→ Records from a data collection
=-=-=-=-=

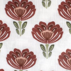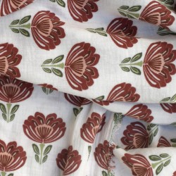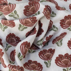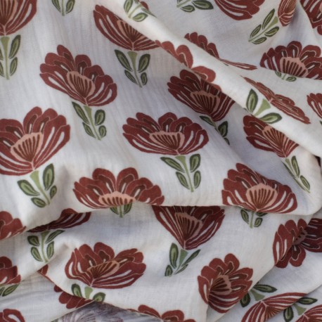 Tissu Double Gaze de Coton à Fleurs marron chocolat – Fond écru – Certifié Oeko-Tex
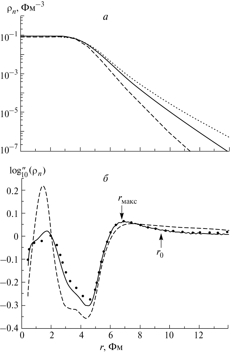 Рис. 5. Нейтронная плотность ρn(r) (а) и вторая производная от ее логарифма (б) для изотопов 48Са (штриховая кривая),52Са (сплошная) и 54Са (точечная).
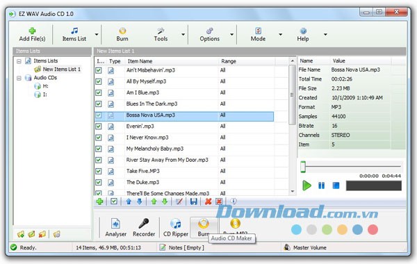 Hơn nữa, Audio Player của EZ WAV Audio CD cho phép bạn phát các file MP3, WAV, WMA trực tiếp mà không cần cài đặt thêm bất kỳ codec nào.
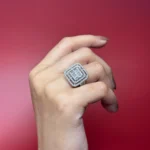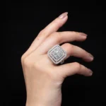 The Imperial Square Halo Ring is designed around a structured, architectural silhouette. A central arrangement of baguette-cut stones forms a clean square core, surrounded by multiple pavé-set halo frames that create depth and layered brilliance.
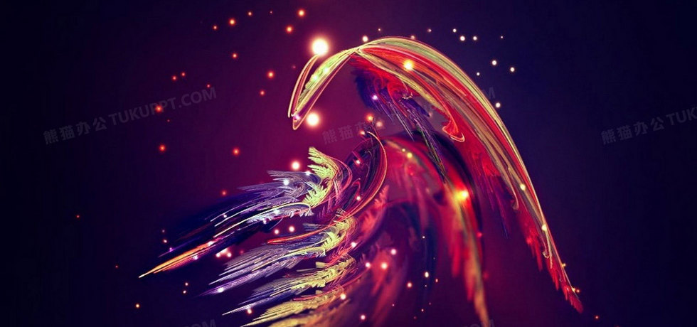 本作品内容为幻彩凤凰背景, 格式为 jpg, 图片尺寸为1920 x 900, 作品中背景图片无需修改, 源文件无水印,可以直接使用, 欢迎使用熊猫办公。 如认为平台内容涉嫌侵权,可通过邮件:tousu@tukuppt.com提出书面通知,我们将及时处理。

=-=-=-=-=

→ THE PROBLEM
Leave the pictures out, and restate exactly the lines from the start of the records through the one that contains "The Imperial Square".

→ OUTPUT
 Tissu Double Gaze de Coton à Fleurs marron chocolat – Fond écru – Certifié Oeko-Tex
 Рис. 5. Нейтронная плотность ρn(r) (а) и вторая производная от ее логарифма (б) для изотопов 48Са (штриховая кривая),52Са (сплошная) и 54Са (точечная).
 Hơn nữa, Audio Player của EZ WAV Audio CD cho phép bạn phát các file MP3, WAV, WMA trực tiếp mà không cần cài đặt thêm bất kỳ codec nào.
 The Imperial Square Halo Ring is designed around a structured, architectural silhouette. A central arrangement of baguette-cut stones forms a clean square core, surrounded by multiple pavé-set halo frames that create depth and layered brilliance.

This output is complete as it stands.